Leph glanced back. “We’re good… Everything seems to be going good, yeah.”
“Cool. I’m gonna… stick around. There’s nothing for me to do down in the engine room.”
Leph stood and took the captain’s chair. “Great! You can man the particle cannons.”
Zach grinned, happy for anything to do. “Yes, sir!”
“Zach, don’t start.”
“Wouldn’t dream of it.”
Leena’s console beeped. “Leph, they’ve reached the target.”
Leph hit the intercom. “Strike team! The assault team has reached their destination and the Evil has followed them. Good luck!”
Nai gulped. “I’m not ready. I don’t wanna go!”
Yalogalil grabbed his arm, slinging his rifle over his back. “Don’t be silly.”
Nai was pushed out the door as Yalogalil grabbed a weapon case. “Move it or you will carry my plasma launcher!”
They jogged down the hall after the surprisingly fast Sytis. “Y’know I designed a much more effective-”
“I am betting you did!” Yalogalil laughed.
They entered the airlock and waited with the Sytis. Yalogalil glanced at Nai a couple times, then put a paw on his shoulder. “Nai, you are terrified.”
“Damn right I am… I’m no soldier, I’m a designer!”
“Calm yourself. I will protect you.”
Nai nodded. “I know.”
The Sytis eyed the two, wondering if Yalogalil was telepathic.
Rico and Lenny got the call as well. They kept in communication as they moved slowly after the strike team, a few kilometers behind. “Ready, buddy?”
“No.”
What Teliko had eaten for breakfast, she did not know. All she knew was now, battle imminent, the food had turned to fear. She paced her room, distracting herself by cursing her father. By now he was in the cockpit, ordering people around and doing whatever it was captains did when they were about to fight an interplanetary warlord. Since speaking to Czyak and being assaulted with the thoughts and whims of all the Sytis around her, Teliko began to see her own emotions as little bubbles floating in a tub of water. It felt easier to sort them all with that mental image, each bubble growing with her emotions and, when Sytis drew near, bubbles would float in from the air and float away again. The more time passed, the more she began to notice something strange about her emotional basin. Her bubbles began floating around the center of the water, where a tiny little molecule was growing. It was pure black, not an emotion, but a whole being in one little coffee bean of a bubble. It terrified her. “Teliko? Are you in here?”
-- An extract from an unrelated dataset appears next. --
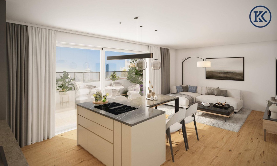 Schon beim Eintreten empfängt Sie ein helles und einladendes Vorzimmer, das Sie direkt zur separaten Toilette mit Handwaschbecken führt. Die großzügige Wohnküche mit offenem Grundriss wird zum Herzstück Ihres neuen Lebens – hier können Sie gemeinsam kochen, lachen und die Seele baumeln lassen. Von hier aus gelangen Sie auf Ihre sonnige, nach Süden ausgerichtete Terrasse – ein kleines Paradies, um entspannte Stunden im Freien zu genießen und den Alltag hinter sich zu lassen.
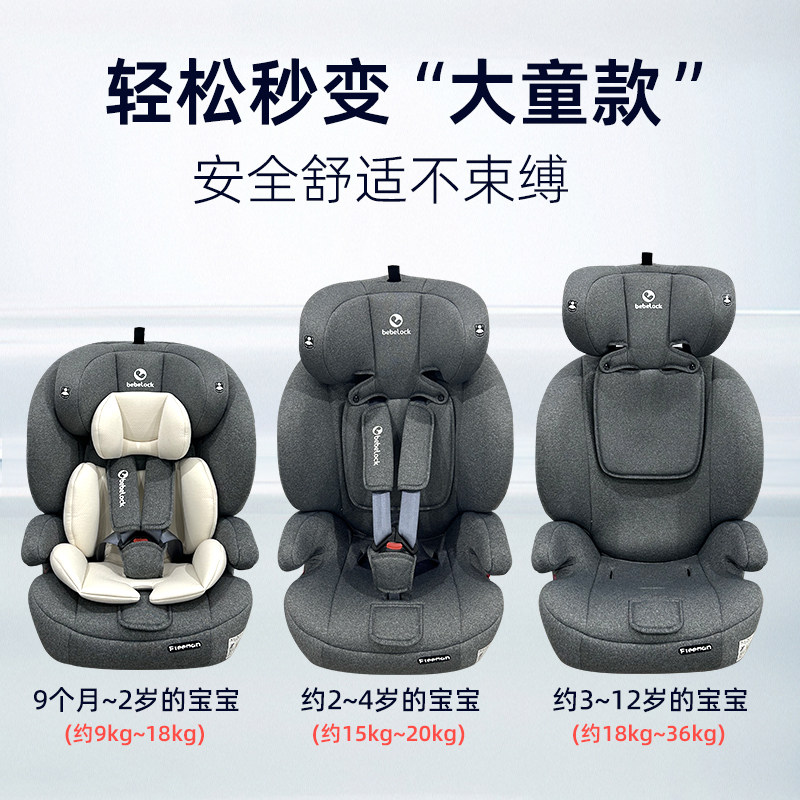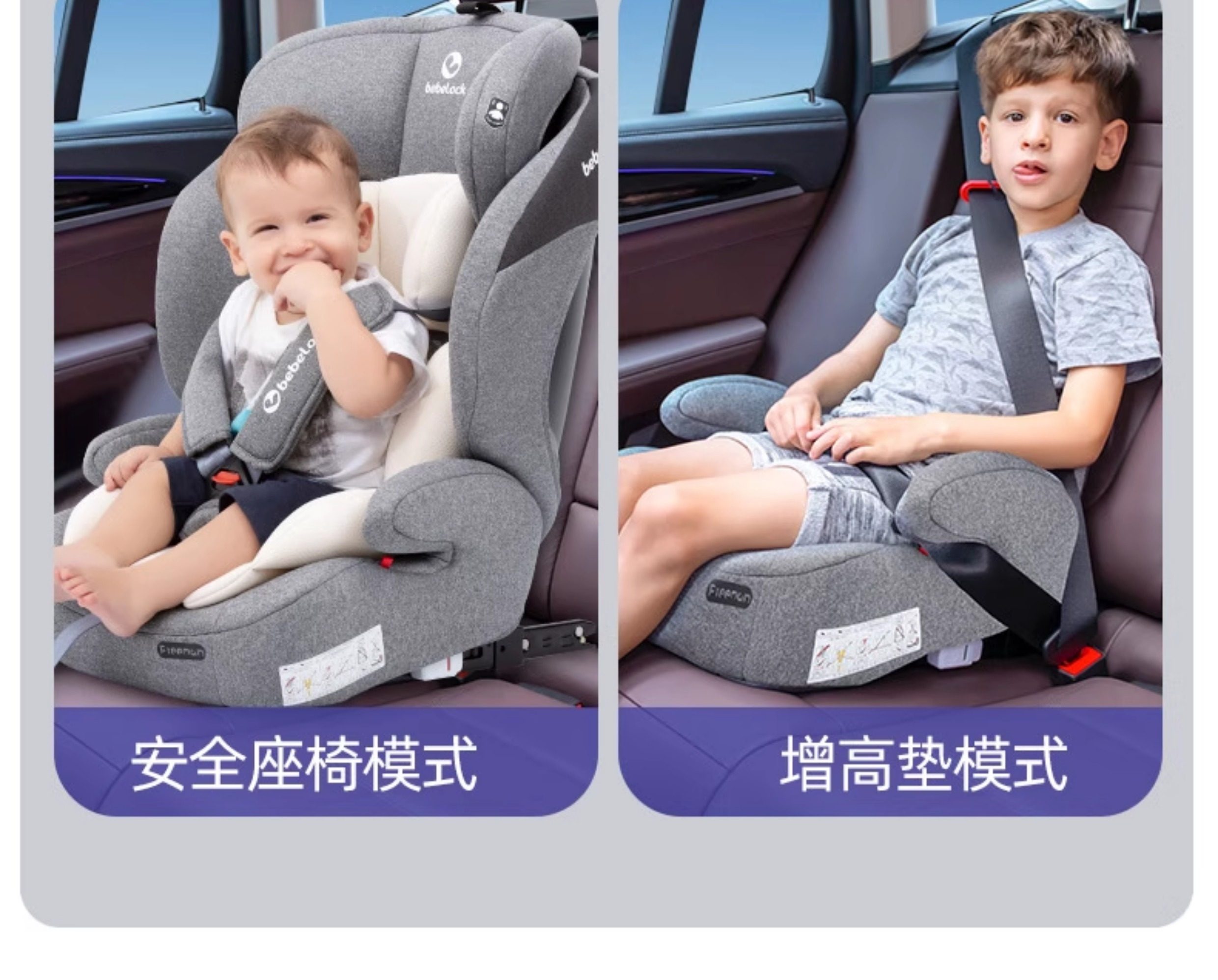Bebelock Kids Safety Seat for Cars, Suitable for Babies from 9 Months to 12 Years Old, Foldable and Easy to Use for Sitting and Reclining in the Car

She gasped and whirled on the door, Dez peering through it apologetically. “Whoa, hey, sorry to startle you.”
He let himself in, Cyan following after. Teliko narrowed her eyes at him. “Where’s Czyak?”
“He left when your mom called a red alert.”
“Its battle stations, not red alert.”
“Whatever.”
Dez clapped his paws. “Since I’m a journalist and not a soldier, Serleah suggested I keep an eye on you two.”
Teliko sat in her chair as Cyan sprawled shamelessly on the floor. “I don’t need babysitting.”
Dez crossed his arms and tried not to look too hurt. “Think of me as your bodyguard.”
“Prison guard.” she muttered.
Cyan grabbed a data pad from under Teliko’s bed and started playing a game on it. “Chill out. You’ll get to fight mega-evil or whatever next time.”
The black bubble grew a little, and Teliko had to actively suppress it. The room became intolerable, like the closet had. Teliko grabbed her head and shook it. She began to see objects in the room with a sharpness her eyes couldn’t achieve, especially since they were shut. “Teliko? Are you-”
She stood, and Dez began hovering. He glanced down casually as though he might have grown taller shoes, but when he realized he was just floating, he yelled. “What the-”
He slid aside as Teliko walked past him. Cyan tossed the game aside and followed. “Sorry man!”
She searched for Czyak, following his mind to the airlock. He was standing there, waiting until it was time for his role in the plan. “Czyak!”
“You should be in your room. It might not be safe.”
“Shush. Czyak, we have to talk about something.”
Czyak gazed at her for a few moments before closing his eyes. “It is… important to you. I can tell.”
“Yes… You and I are going to join the strike team, and we’re not telling Leph.”
“I… I cannot do that.”
“Look at me!”
He did. Teliko took down the barriers in her mind, letting Czyak submerge himself in it. He was nearly sick. “Please… stop…”
She threw up her guard. “Sorry, Czyak, but… s-something’s happening to me. I can… I don’t know how to describe it.”
She closed her eyes and looked. Czyak could feel something crawl over his scales, then move towards the airlock. “I can almost touch it. Its… coming from out there. I have to follow it!”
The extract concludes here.